There is also epigenetic data in TRM T cells, keratinocytes, stem cells, and other cells thus suggesting complexity and plasticity in the system that remains poorly understood. 

Taken together, the research is at too early of a stage to be clinically useful, said Eidsmo. “We need to go back to the drawing board and just realize what we need to measure, and with the new techniques coming out, maybe spatial [measurement] at a high resolution, we can find biomarkers that better dictate the future of this. Be a little bit wary when you read the outcomes from the clinical trials that are ongoing, because right now, it’s a bit of a race between different biologics. These cells are used as a readout of efficacy of the treatments, and we’re not quite there yet,” said Eidsmo.

During the Q&A session after the presentation, one audience member asked about the heterogeneity of cells found within the skin of patients with psoriasis and pointed out that many pro-inflammatory cells likely play a role in tumor control. Eidsmo responded that her group’s analysis of a large database of patients with metastatic melanoma found that a factor that is important to the development of TRM T cells was strongly correlated to survival in patients with metastatic melanoma receiving immune checkpoint blockade. “So we really don’t want to eradicate them,” said Eidsmo.

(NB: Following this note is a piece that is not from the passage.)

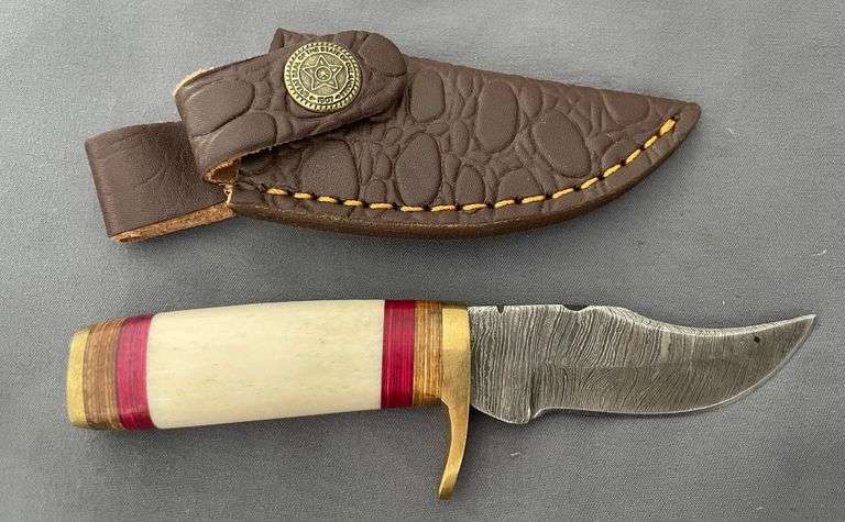 LOT 119 - Damascus  steel blade knife with white/red wood handle & Sheath, 3” blade

Also during the Q&A, Iain McInnes, MD, PhD, commented about the need to understand the previous events that drove the creation of memory T cells. “For me, the question is about the hierarchy, the primacy of what really drives the memory. In the infectious world, we’re trained to think [that memory responses] are T cell driven memory, but I wonder whether you have an idea of whether the T cell is responding to other memories, particularly in the stroma. Because certainly in the arthropathies, we have really good evidence now of epigenetic change in the synovial stroma and subsets,” said McInnes, who is director of the Institute of Infection, Immunity, and Inflammation at the University of Glasgow, Scotland.

Eidsmo responded that she believes responses are different among different individuals. “We know too little about how these two systems interact with one another. I think the TRM T cells are very good at amplifying the stroma to recruit cells in. I think we need to think of two-step therapies. You need to normalize this [stromal] environment. How you can do that, I don’t know,” she said. 

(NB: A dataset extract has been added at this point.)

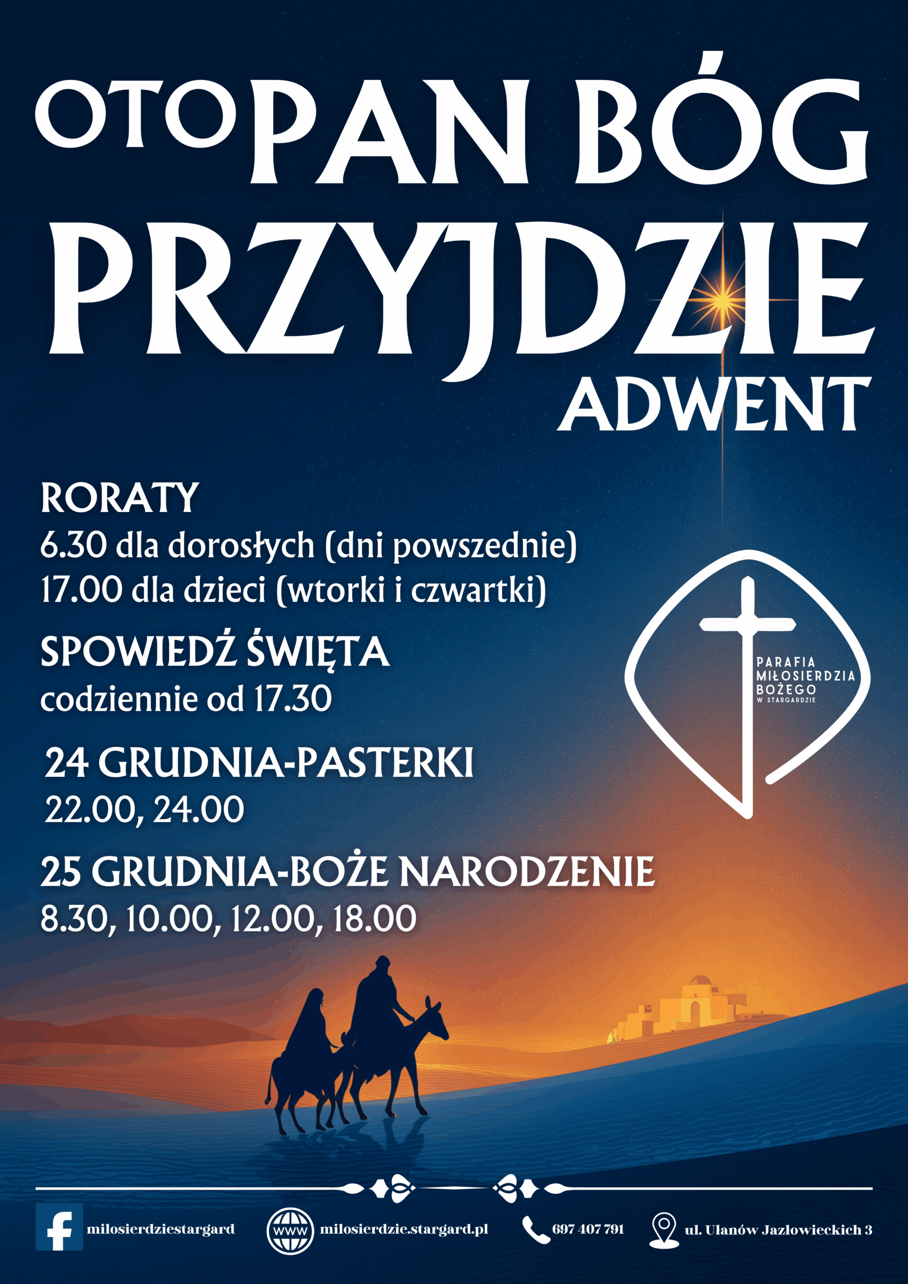 - Roraty, na które wszyscy przychodzimy z lampionami, będziemy odprawiali w dni powszednie codziennie o 6:30 rano (w soboty ze słodkim ciastem i kakao). Zaś dzieci z rodzicami zapraszamy we wtorki i czwartki o godz. 17:00 z lampionami i przygotowanymi sercami dobrych uczynków. W adwencie śpieszymy z pomocą potrzebującym poprzez: świece Caritas, Wigilijnego Dzieła Pomocy Dzieciom, akcję zbierania przyborów higienicznych dla niemowląt Paczuszka Dla Maluszka oraz Torbami Miłosierdzia wypełnionymi produktami spożywczymi dla potrzebujących a także innymi naszymi osobistymi postanowieniami i szlachetnymi dziełami wobec bliźnich.

McInnes agreed. “As a myeloid doctor, I strongly believe that perpetuators are innate and the adaptive is following on. But how do we test that? That’s really hard,” he said. 

Eidsmo did not list any disclosures. McInnes has financial relationships with AbbVie, AstraZeneca, Bristol Myers Squibb, Boehringer, Compugen, Cabaletta, Causeway, Dextera, Eli Lilly, Celgene, MoonLake, Pfizer, Novartis, Janssen, Roche, Versus Arthritis, MRC, and UCB.